Chinese wushu practitioner

Lei Fei (李菲 (Lǐ fēi); known professionally as Jewel Lee; born: March 3, 1975) is an actor, businesswoman, and a retired professional wushu taolu athlete from Macau.

== Life ==

=== Wushu career ===
Born in Guangxi, Lei was transferred to Macau to develop the country's status in the international competitive wushu circuit. Her first major international appearance was at the 1994 Asian Games in Hiroshima, Japan, where she won the silver medal in women's nanquan, the first silver medal for Macau at the Asian Games. A year later, she competed in the 1995 World Wushu Championships in Baltimore, United States, where she won a silver medal in qiangshu and was the world champion in nanquan. Three years later, she competed in the 1998 Asian Games in Bangkok, Thailand, and won another silver medal in women's changquan. Her last competition was at the 1999 World Wushu Championships where she was a triple medalist and a world champion in qiangshu.

=== Acting and entrepreneurial career ===
In 1996, Lei was the runner-up Miss Macau. After retiring from competitive wushu, she started to develop her career as a film and television actor.
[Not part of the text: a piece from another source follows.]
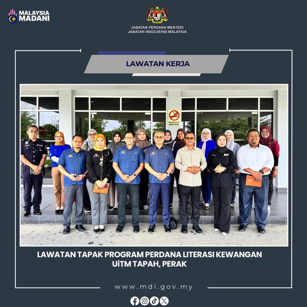 Galeri Foto Photo Gallery LAWATAN TAPAK UNTUK PROGRAM PERDANA LITERASI KEWANGAN 25 Mac 2025 Jabatan Insolvensi Malaysia (MdI) telah mengadakan satu sesi lawatan tapak bagi persiapan Program Perdana Literasi Kewangan IPTA/IPTS yang bakal dilaksanakan dalam masa terdekat. Lawatan ini diketuai oleh YBhg. Datuk M. Bakri Abd Majid, Ketua Pengarah Insolvensi Malaysia bersama Pn. Siti Salwana […]

She took on various small roles in films throughout Hong Kong and Macau, and was hailed as the successor to Michelle Yeoh. In 2001, she graduated from Australia's Macquarie University with degrees in international finance and corporate management. After graduating, she joined the Shenzhen Sannuo Group Company, becoming its vice-president in 2008.